Как все звери, ведущие ночной образ жизни, он спал днем, и этот его звериный сон представлял собою темную, черную бездну, то и дело озаряемую вспышками тревожных пробуждений. Эта чернота и эти вспышки были похожи на черноту и безмолвные мимолетные зарницы предосенних воробьиных ночей, когда спокойную глубину темного неба беспрерывно раскалывают трещины бледных и в своей немоте кажущихся бессмысленными молний. Но вспышки сознания в его дневном сне всякий раз имели особую причину, в них была бдительность привыкшего к вечной настороженности слуха: одна вспышка означала, что где‑то рядом, в траве, шмыгнула мышь, другая – что треснула ветка, третья – что слабый порыв ветра, пролетев, шевельнул верхушки деревьев, четвертая – что засохший лист оторвался и легко, нежно задевая за ветки и другие листья, медленно упал на землю… И так весь день, до того часа, пока пребывающий в постоянной тревоге жалкий мозг не приказывал отдохнувшему телу начинать бодрствование, не приказывал приниматься за свои звериные дела.

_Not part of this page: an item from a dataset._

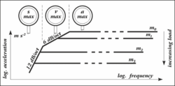 그림 2는 이중 대수(로그-로그) 스케일로 나타낸 가속도를 주파수의 함수로 보여줍니다. 변위 한계는 12dB/옥타브의 기울기를 갖는 직선으로 표현됩니다. 대형 진동 시험기에서는 스프링의 예열 및 전력 증폭기의 최대 출력 전압에 따라 진동 속도 한계가 종종 발생합니다. 이 진동 속도 한계는 6dB/옥타브의 기울기를 갖는 직선으로 표현됩니다. 상한 주파수는 이동 요소의 자체 공진 주파수에 따라 달라집니다.

Нынче он проснулся раньше обычного. Бесконечные шорохи, явственная возня каких‑то крохотных существ, то и дело шуршащие звуки осыпающейся земли, – все это раздражало тонкий слух, все отгоняло сон. Некоторое время он продолжал лежать, как спал, на правом боку, с закрытыми глазами, лениво пытаясь догадаться – что это за звуки, от кого они исходят и что может быть там, за спиной, слева, если он повернется и откроет глаза.

В норе стоял густой сумрак, даже мрак; дневной свет слабо просачивался сквозь косматые, облепленные землею хитрые корневые разветвления старого пня, плотно загородившего входное отверстие звериного логова. Но привыкший к ночной жизни слух хорошо разбирался в темноте, был верным помощником зрению, и то, что не в силах были разглядеть глаза, ухо угадывало точно, безошибочно.

Так сейчас, проснувшись, он во тьме, еще с закрытыми глазами, лежа спиною к тому, что издавало неясные шорохи, уже отлично знал, что там творилось: эти мягко шлепающие, шуршащие звуки были бестолковой возней мелких земляных лягушек – серых и желтоватых жаб, почему‑то вдруг в огромном количестве набившихся в потайное его жилище, в эту глубокую мрачную нору, когда‑то, лет двадцать с лишним тому назад, служившую людям надежным пристанищем, защитой от ветра, снега, дождя – временным жильем в неудобной, полной лишений кочевой военной жизни. От солдатской землянки осталось это подобие пещеры, эта яма – обвалившаяся, с ветхим полусгнившим бревенчатым накатником, каким‑то чудом уцелевшим, не разобранным деревенскими жителями на разные хозяйственные нужды. Скорей всего, обвалившись, землянка была заброшена еще в те времена, когда тут бедовал запасный полк, и сами солдаты тогда же, быть может, засыпали землею вход в нее, чтобы не мешалась под ногами, чтобы не проваливаться ночью ненароком в отверстие этого входа.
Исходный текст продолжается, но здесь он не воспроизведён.